Ford v Ferrari started hot off the line and raced to the center of the podium with a $52.4 million launch in first place at home and abroad. James Mangold directed this ambitious, expensive adult picture that lends a candid view into the life of a top-class race car driver and the development of one of the most successful cars in Le Mans racing history, the Ford GT40. Matt Damon stars as Carol Shelby who, before his name became synonymous with Detroit muscle, was working out of a small garage in Venice, California putting oversized American V8s in lightweight British sports cars and calling them Cobras. With sales plummeting, Ford advertising exec Lee Iacocca (John Bernthal) comes up with a wild plan to bring the company back into racing and beat the Ferrari team that had won the previous six editions of the world’s toughest endurance race. Even with all of the resources of the Ford Motor Company at his disposal, and mercurial English driver Ken Miles (Christian Bale) behind the wheel, beating the Italian masters proves to be anything but an easy task.
Ford v Ferrari made $31 million in the US coming in first by a wide margin. Overseas it managed $21.4 million and held the top spot. Highlights came from Russia with $3.2 million, the UK at $2.3 million, and France, where the movie’s climactic action takes place, was its third-biggest territory with $2.3 million. Fox had this movie in the works throughout its merger process with Disney and spent close to $100 million on production alone.

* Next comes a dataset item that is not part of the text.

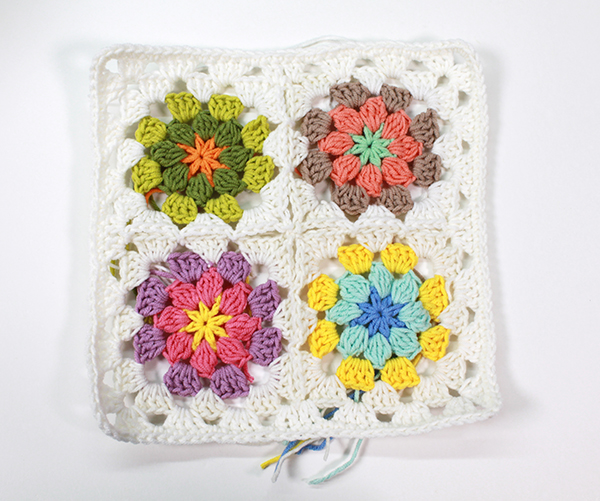 사진은 일단 모티브 네개를 떠서 붙인 작품인데요, 모티브의 갯수를 늘리면 블랭킷도 만드실 수 있고, 쿠션 커버나 기타 상상할 수 있는 모든 것들을 자유롭게 만들어 볼 수 있습니다.

With the studio in need of a win after faltering on major post-merger releases like Dark Phoenix and Alita: Battle Angel earlier this year the GT40, (arguably the film’s strongest supporting actor,) delivered once again. Ford v Ferrari received favorable reviews from critics and earned a rare A+ from Cinemascore’s audience polling service. That grade almost guarantees that it will have long legs and prove to be a hit despite its high upfront cost.
Sony meanwhile had a hard time getting off the ground with their reboot of Charlie’s Angels. It came in at $8.6 million in third place on the domestic chart and finished second overseas with $19.3 million from 26 territories. Elizabeth Banks directed and stars in this edition of Angels along with Kristen Stewart and Naomi Scott. It had a tough Chinese opening of just $7.7 million but did well in Indonesia with $2.9 million. Other top foreign plays are Australia and Russia at $1.3 million and $1 million. Angels cost significantly less than the two $100 million-plus budgeted Cameron Diaz and Drew Barrymore blockbusters that revitalized the franchise in the early 2000s, but at around $50 million and with reviews tending negative, Sony has already decided to cut significantly its marketing and promotional costs.
Also opening in the US, Warner Bros.’ The Good Liar with Helen Mirren and Ian McKellen started with a modest $5.6 million against a $10 million budget and finished in 7th place. It picked up another $1.5 million overseas and sits at $9.5 million worldwide after foreign plays last frame.
On the foreign scene, Gaumont’s Roman Polanski helmed The Dreyfus Affair, about the infamous belle époque anti-Semitic witch hunt against a French-Jewish artillery officer accused of spying for the German Empire, opened to $2.5 million in its home market. Chilling Korean psychological thriller Parasite meanwhile reached $14.5 million and became the best-selling foreign film of 2019 in the US. It sits at $119.5 million worldwide.